Coin Newsweek – February 24, 2026 – A new analysis from Bloomberg Intelligence suggests Coinbase could see its stablecoin revenue multiply by two to seven times if payment adoption accelerates under the proposed Genius Act regulatory framework. However, the same legislation contains provisions that could fundamentally alter the exchange’s lucrative partnership with USDC issuer Circle.
Bloomberg Intelligence analysts Paul Gulberg and Samuel Radowitz project that Coinbase’s stablecoin revenue is on track to reach $1.35 billion by 2025, a figure that would represent approximately 19% of the company’s total projected revenue. This baseline already positions stablecoins as a critical revenue stream for the publicly traded exchange.
The analysts’ more bullish scenario envisions what they describe as “payment adoption acceleration under the Genius Act,” which could expand this revenue stream by two to seven times. Such growth would transform stablecoin-related income into a multi-billion dollar annual business for Coinbase, fundamentally altering the company’s revenue composition and valuation metrics.
The Genius Act, formally known as the “Guiding and Establishing National Innovation for U.S. Stablecoins Act,” represents a comprehensive attempt to create a federal regulatory framework for stablecoin issuance and usage. If enacted, it would provide the regulatory clarity that industry participants have long sought, potentially unlocking broader adoption by institutional users and payment companies.
However, the proposed legislation contains provisions that could complicate Coinbase’s existing stablecoin strategy. The Act prohibits issuers from paying interest or yields to stablecoin holders—a restriction designed to maintain the clear distinction between stablecoins as payment instruments and securities or investment products.
This prohibition could have ripple effects on Coinbase’s relationship with Circle, the issuer of USDC. Currently, Coinbase and Circle share revenue generated from the USDC reserve’s interest income, with Coinbase receiving a portion for its role in distributing the stablecoin and providing platform support.
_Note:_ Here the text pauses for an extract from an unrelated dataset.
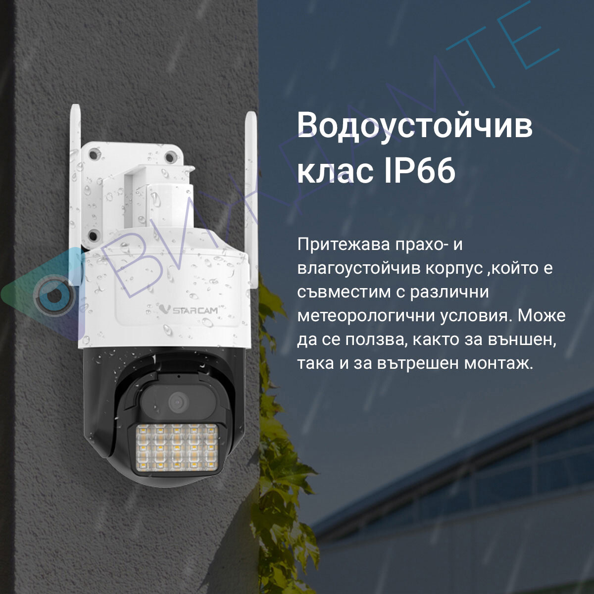 Корпусът на камерата предпазва от проникване на влага и дребни частици (прах и мръсотия). Можете да я монтирате на открито без притеснения, че ще се повреди.

The Genius Act’s restrictions on interest payments to holders do not directly address issuer-exchange revenue sharing, but ongoing draft negotiations may further restrict exchanges from awarding rewards or incentives tied to stablecoin balances.
Such restrictions would directly impact the current model where platforms like Coinbase offer yield-bearing products or rewards programs linked to stablecoin holdings. The ability to generate passive income on stablecoin balances has been a key driver of USDC adoption among retail and institutional users.
The analysts’ report highlights the dual nature of regulatory progress: while clear rules can unlock massive growth by bringing in institutional capital and payment companies, they can also constrain the specific mechanisms that made existing products successful. For Coinbase, navigating this tension will be critical to realizing the upside potential while adapting to new compliance requirements.
The projected 2-7x growth multiple reflects not just increased adoption but also the potential for stablecoins to penetrate traditional payment flows. If regulated stablecoins become a standard settlement layer for e-commerce, remittances, and business-to-business payments, the addressable market expands far beyond the current crypto-native use cases.
Coinbase has positioned itself as a bridge between traditional finance and the crypto economy, with stablecoin infrastructure playing a central role in that strategy. The exchange’s deep integration with USDC—including its role as a distribution partner and its inclusion of USDC in its “base” layer-2 network—creates multiple revenue touchpoints from stablecoin activity.
For Circle, the Genius Act represents both opportunity and challenge similar to those facing Coinbase. As the second-largest stablecoin issuer globally, Circle stands to benefit from regulatory clarity that could make USDC the preferred choice for regulated institutions. However, the company must also adapt its business model to any restrictions on reserve management and revenue distribution.
The analysts note that draft negotiations remain ongoing, meaning the final legislative language could differ significantly from current proposals. Industry participants are actively lobbying for provisions that preserve innovation while satisfying regulatory objectives, a balancing act that will determine the ultimate impact on companies like Coinbase and Circle.
As the stablecoin regulatory landscape takes shape, Coinbase finds itself at the intersection of massive opportunity and significant strategic adaptation. The analysts’ projections suggest that getting the balance right could yield exponential growth—but only if the company can navigate the complex trade-offs embedded in the Genius Act framework.